With mounting political and populist pressure, the Department of Education made the decision to fast track debt forgiveness for those students who attended closed Corinthian campuses. It is anticipated that this streamlined debt forgiveness will alone cost taxpayers nearly $544 million. Additionally, Corinthian students who believed they were defrauded, regardless of whether or not their specific school closed, were able to petition the Department for debt forgiveness. The Department of Education adopted, as their standard of review for the petition of debt forgiveness, the rarely used “defense to repayment” provision found in the administrative rules of Title 20 of the education code. The statute allows a borrower to petition for debt forgiveness if the student believes she was “defrauded by [her] college under state law.”
The question going forward is what would likely constitute fraud under the defense to repayment statute. The State of California has given guidance through the review of the Corinthian petitions. As an example, The Department of Education “determined that students who relied on misrepresentations found in published job placement rates for many [Corinthian] programs qualify to have their federal direct student loans discharged.” Therefore, the Department will likely look to predatory lending practices, misrepresentation of graduation rates, and misrepresentation of job placement statistics as a standard for considering a student’s defense to repayment. Although reliance on the misrepresentation is part of the analysis, with the political winds blowing in favor of student debt relief, that burden of proving reliance may become nothing more than a subjective fait accompli analysis.
So, taxpayers beware. The Chapter 11 bankruptcy of a for-profit university has morphed into a potential student debt forgiveness Pandora’s Box. Corinthian engaged in predatory lending with its private loans. Those loans were partially forgiven by the private buyer of the loans and other Corinthian assets (the window of forgiveness extended back to June 2014), in connection with the purchase and sale transaction negotiated between the buyer and Corinthian. Now, the $4.3 million student trust established by Corinthian’s confirmed liquidating plan gives hope to those students who took federal student loans or whose private loans fall outside of the June 2014 window. The student committee has the financial ammunition to either litigate or negotiate further debt forgiveness. Given the current negative populist sentiment surrounding student debt, there may be little to stop the momentum of the aggrieved former Corinthian students from successfully eliminating their federal student debt.

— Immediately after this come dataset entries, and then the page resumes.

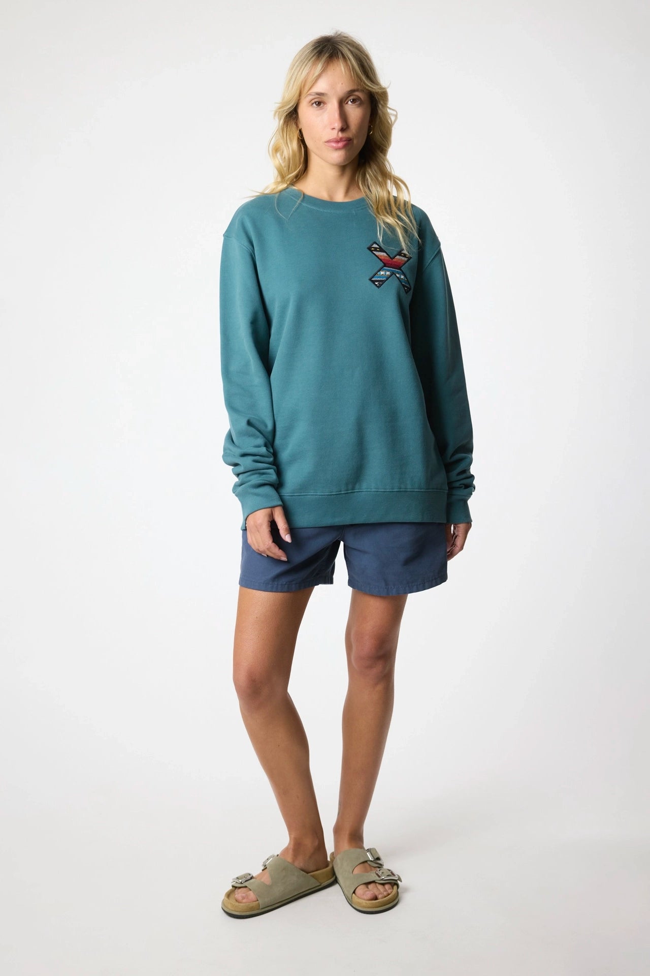 Sweatshirt with our classic embroidered X: front on the chest and back on the back. Made with 100% organic cotton and regular fit cut.
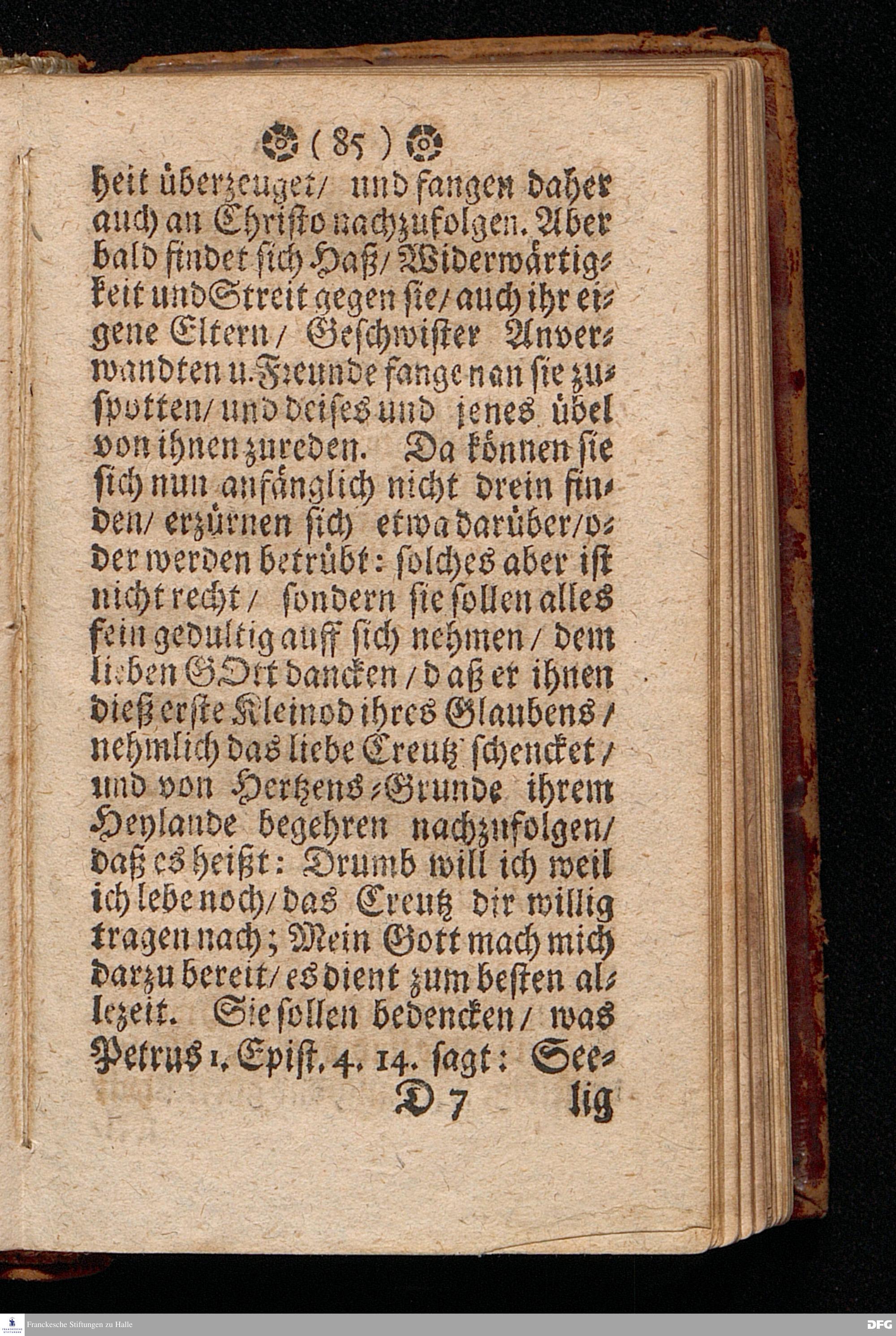 Das Aergerniß des Crentzes [!] / Am Sonntage EXAUDI, Anno 1699. In einer Predigt Uber das Evangelium Joh.XV, v.26.27. v. XVI, v.1--4. In der St.Georgen=Kirche zu Glaucha an Halle vorgestellet / von M.August Hermann Francken / SS.Theol.P.Ord.& P.Glauch. HALLE / Druckts Chr.Henckel U.B.1700.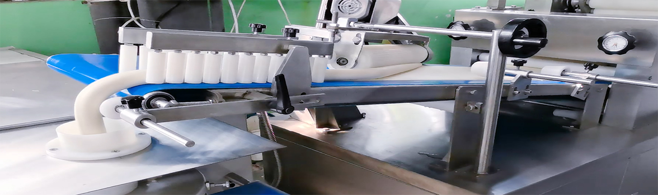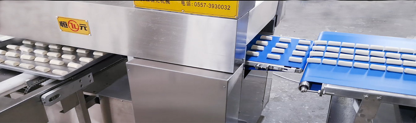 面皮經(jīng)過兩道壓面輪及撐面裝置之輾壓延展,使面皮更有光澤、品質(zhì)更加穩(wěn)定:每道壓面輪皆有厚薄調(diào)整裝置來設(shè)定面皮之厚度以增加或減少產(chǎn)品之重量;面皮在主機輸送帶上,由自動開花器對面皮進(jìn)行條狀、網(wǎng)狀等開花;面皮再經(jīng)由 卷輪及輔助卷輪將面皮卷成條狀;卷面的過程中可以加餡;若欲生產(chǎn)切塊產(chǎn)品,可打開切臺電源,并設(shè)定其切斷長度以決定產(chǎn)品之長度尺寸及重量大??;具同步調(diào)速功能,操作更加方便;成型機可做加餡漢堡、酥餅等;生產(chǎn)出的成品加上自動排盤機,操作更加方便。主要用于生產(chǎn)各類面包、漢堡、酥餅,如法式小面包、法式軟面包、毛毛蟲面包、龍蝦卷面包、蜂巢面包、拉絲面包、長棍面包、夾餡切塊面包、夾心漢堡、瑞士卷等。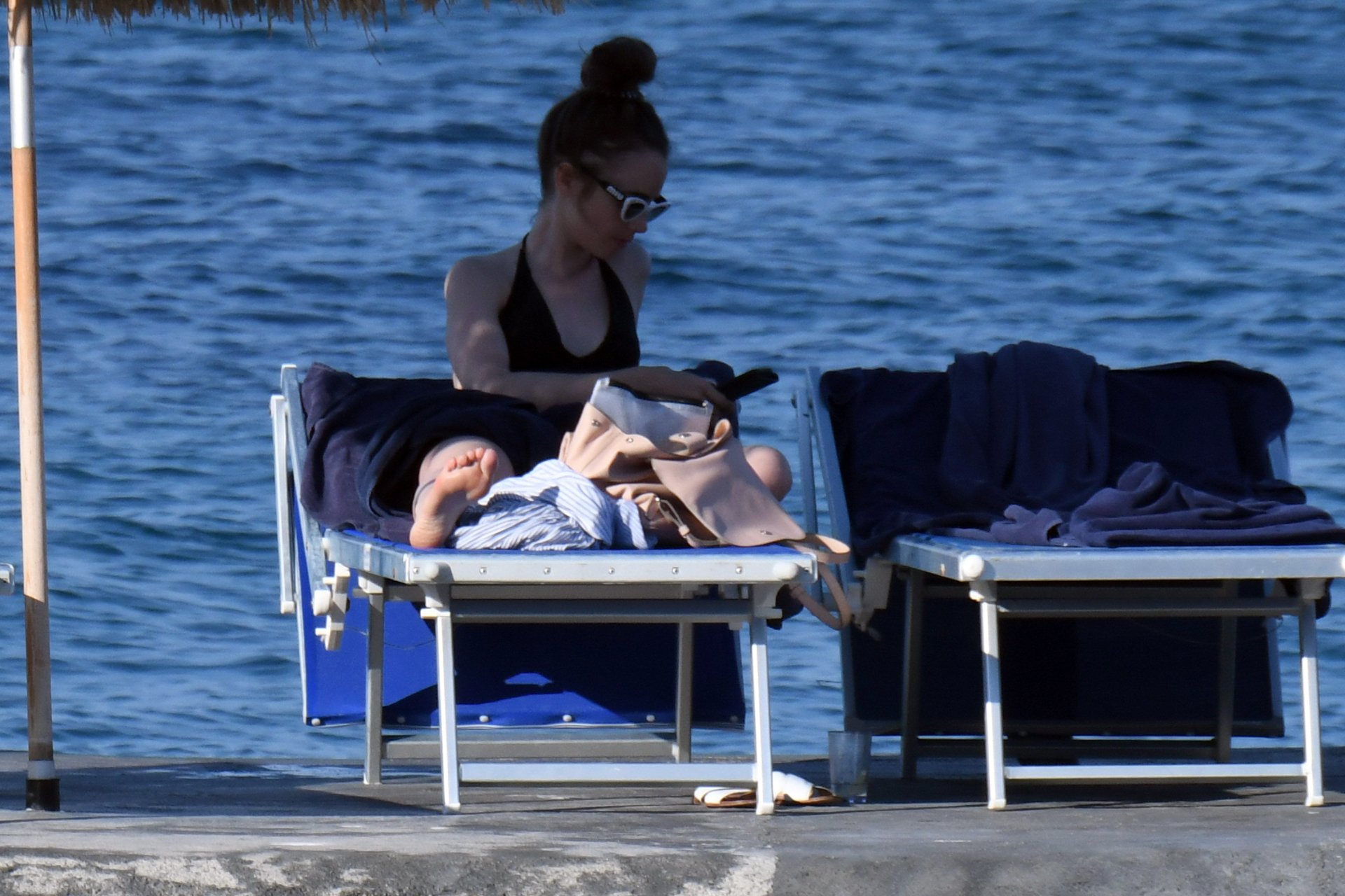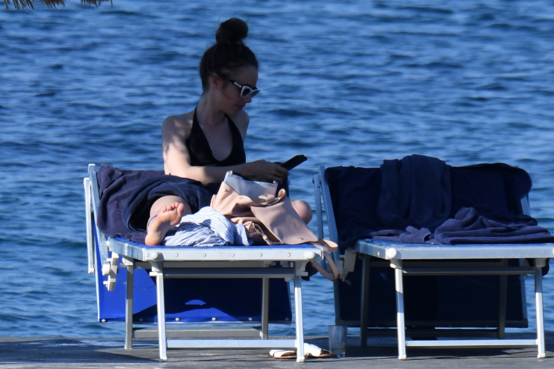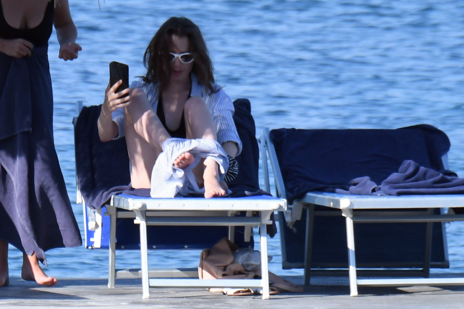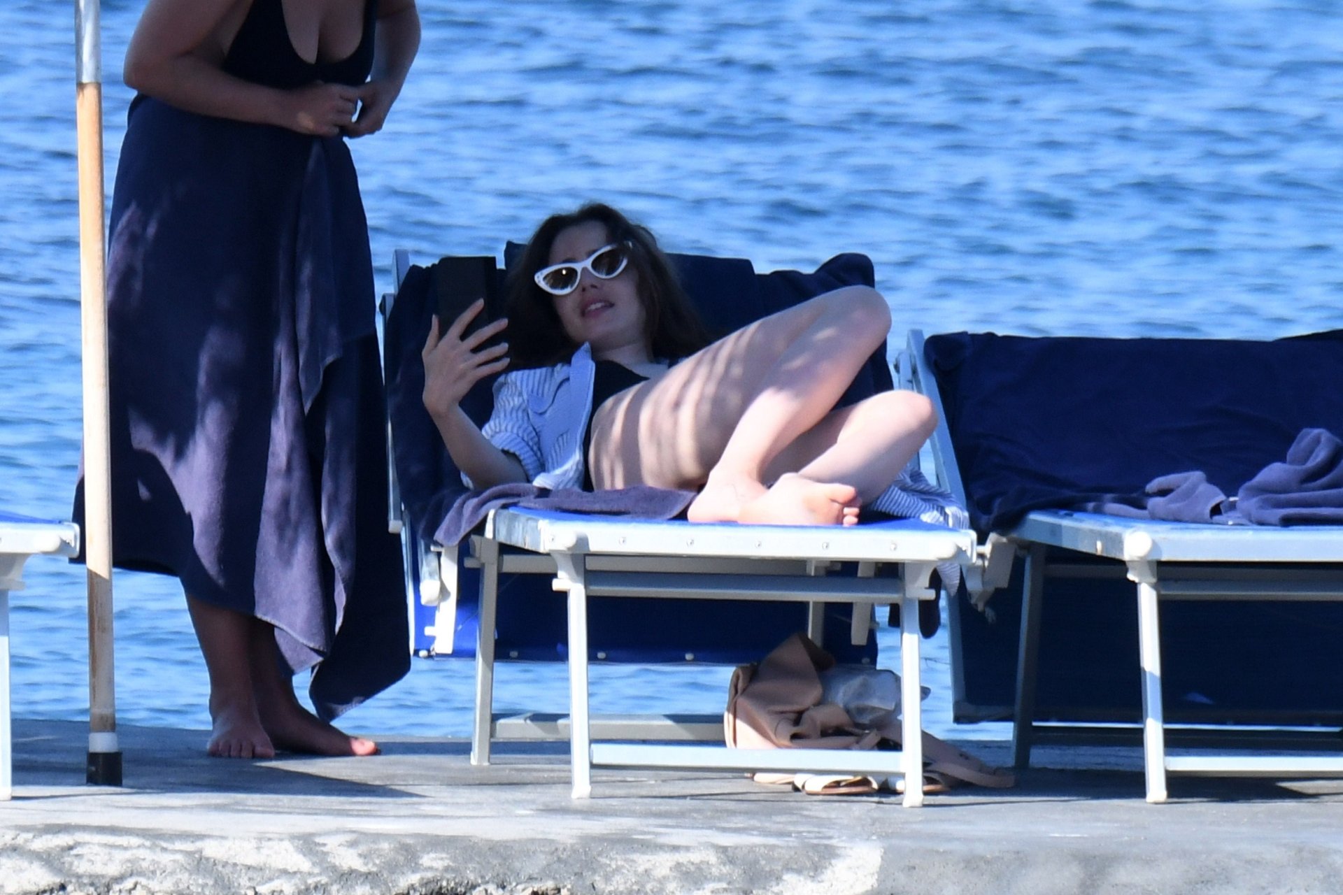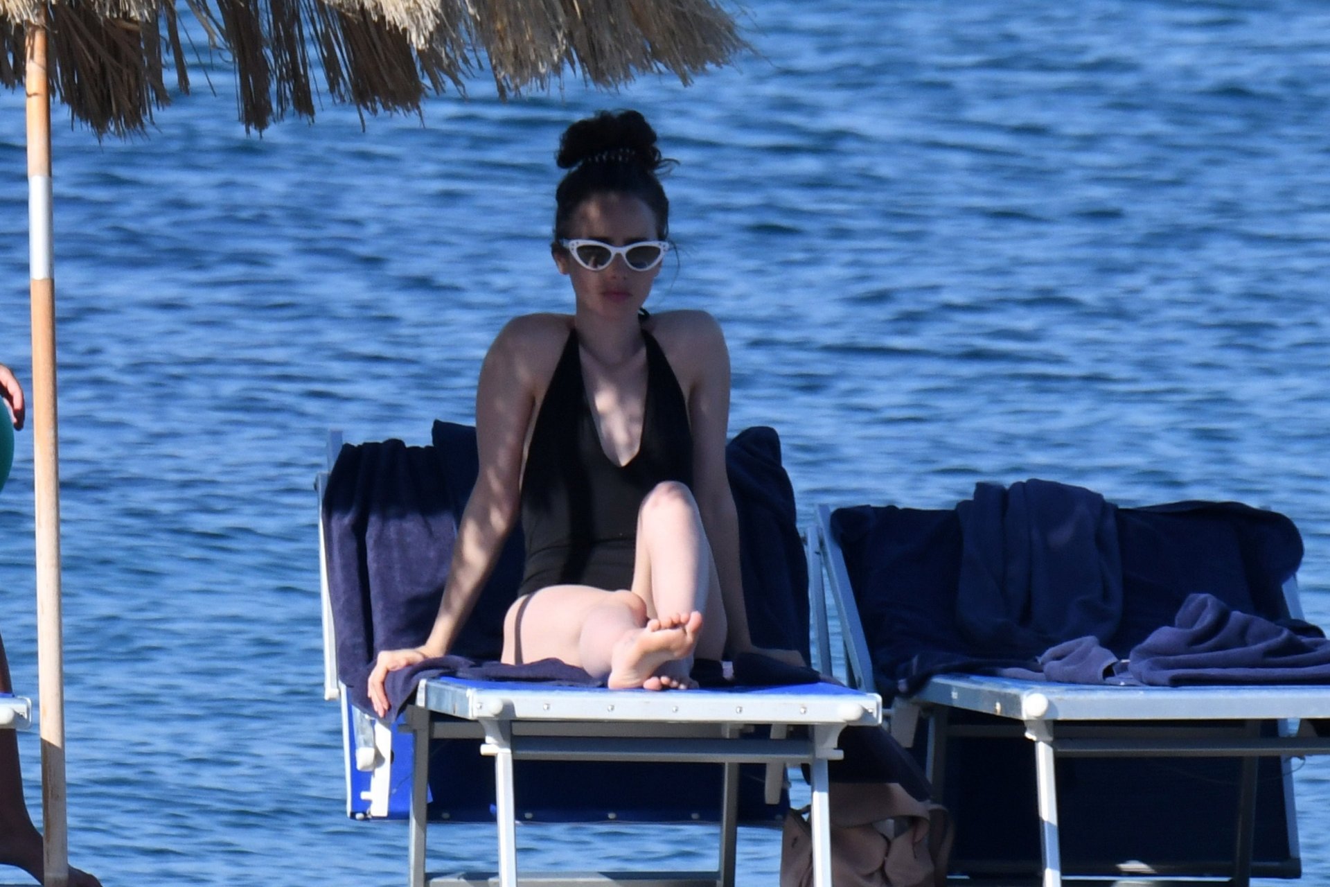 Lily Collins è stata avvistata in vacanza a Ischia, ha fatto il bagno nel mare con un costume da bagno nero. 18/07/2018.

Chris Kephart is an evening division student at Widener University Delaware Law School and a Staff Editor of the Delaware Journal of Corporate Law. He also serves as a Judicial Intern to Justice James T. Vaughn, Jr. of the Delaware Supreme Court.
Suggested Citation: Christopher Kephart, The U.S. Government and Corinthian Colleges, Inc.: Picking Winners and Losers, Del. J. Corp. L. (Nov. 29, 2015), www.djcl.org/blog.